What you need to do -
The data below is to be written out exactly, with no pictures.

Supplied information -
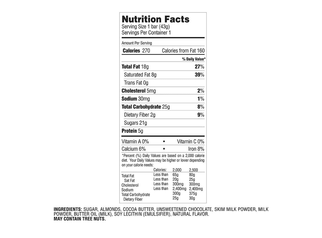 Ingredients: Sugar, Almonds, Cocoa Butter, Unsweetened Chocolate, Skim Milk Powder, Milk Powder, Butter Oil (Milk), Soy Lecithin (Emulsifier), Natural Flavor. May contain Tree Nuts.
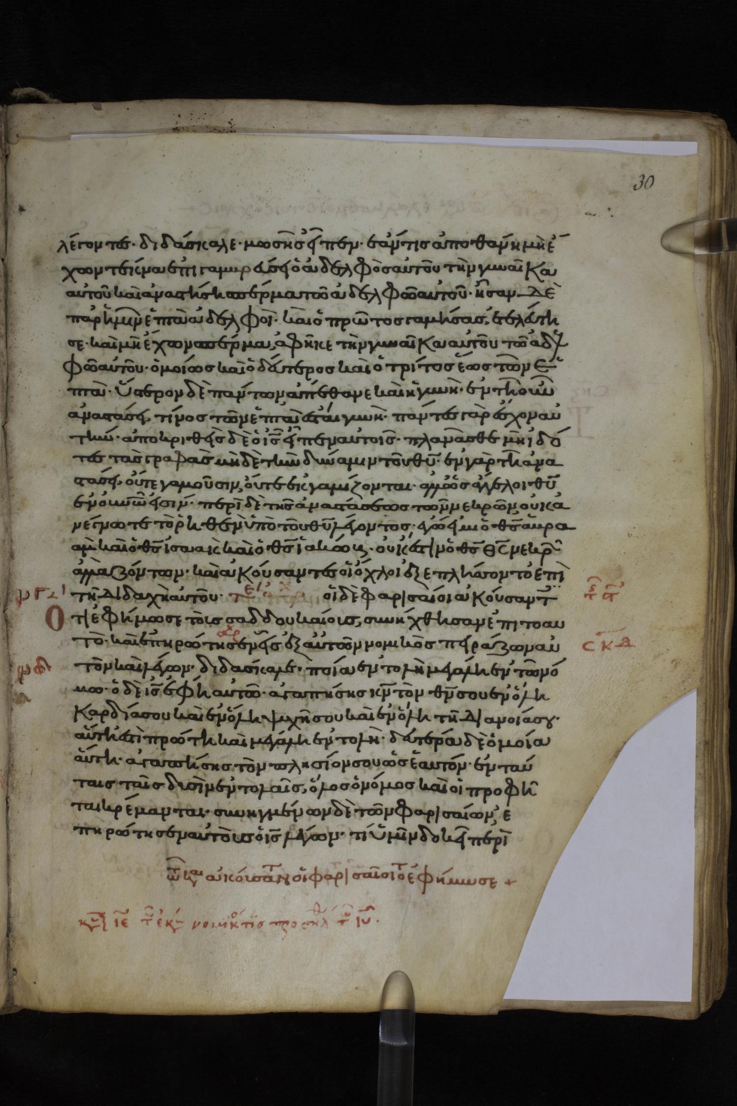 Twelfth century minuscule of the Gospels on parchment; 150 leaves, 1 column, 27 lines per column. Images were taken at the National Library of Greece in Athens.
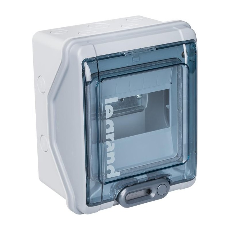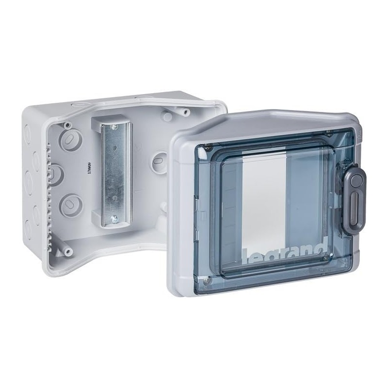 Caixa modular estanque de plástico na cor cinzento, ideal para instalações externas. Oferece proteção IP65 contra jatos de água e entrada de pó, garantindo a segurança e durabilidade em ambientes expostos à humidade e intempéries.
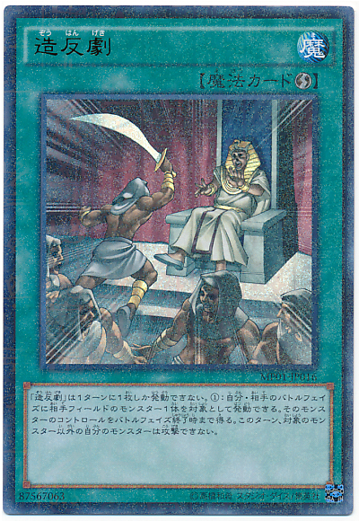 「造反劇」1回合僅能發動1張。 我方、對手的戰鬥階段時以對手場上1體怪獸為對象才能發動。 到戰鬥階段結束以前得到該怪獸的控制權。 此回合,對象怪獸以外的我方怪獸不能攻擊。
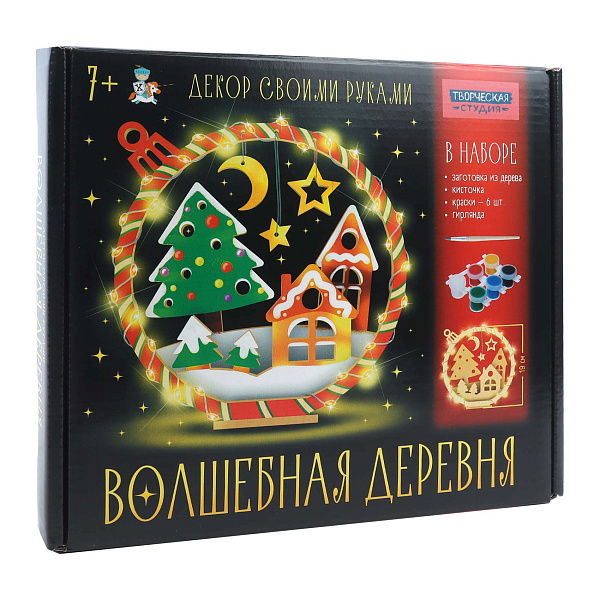 Набор для творчества «волшебная деревня» — творческий набор, предназначенный для детей от 7 лет, который позволит создать уютный зимний декор, наполняющий интерьер атмосферой тепла и праздника. В набор входят многослойные деревянные заготовки с изображением домика, ёлочек, луны, звёзд и декоративная рама, а также кисточка, набор акриловых красок (6 цветов) и гирлянда из светодиодов для подсветки.

Answer area -
 Ingredients: Sugar, Almonds, Cocoa Butter, Unsweetened Chocolate, Skim Milk Powder, Milk Powder, Butter Oil (Milk), Soy Lecithin (Emulsifier), Natural Flavor. May contain Tree Nuts.
 Twelfth century minuscule of the Gospels on parchment; 150 leaves, 1 column, 27 lines per column. Images were taken at the National Library of Greece in Athens.
 Caixa modular estanque de plástico na cor cinzento, ideal para instalações externas. Oferece proteção IP65 contra jatos de água e entrada de pó, garantindo a segurança e durabilidade em ambientes expostos à humidade e intempéries.
 「造反劇」1回合僅能發動1張。 我方、對手的戰鬥階段時以對手場上1體怪獸為對象才能發動。 到戰鬥階段結束以前得到該怪獸的控制權。 此回合,對象怪獸以外的我方怪獸不能攻擊。
 Набор для творчества «волшебная деревня» — творческий набор, предназначенный для детей от 7 лет, который позволит создать уютный зимний декор, наполняющий интерьер атмосферой тепла и праздника. В набор входят многослойные деревянные заготовки с изображением домика, ёлочек, луны, звёзд и декоративная рама, а также кисточка, набор акриловых красок (6 цветов) и гирлянда из светодиодов для подсветки.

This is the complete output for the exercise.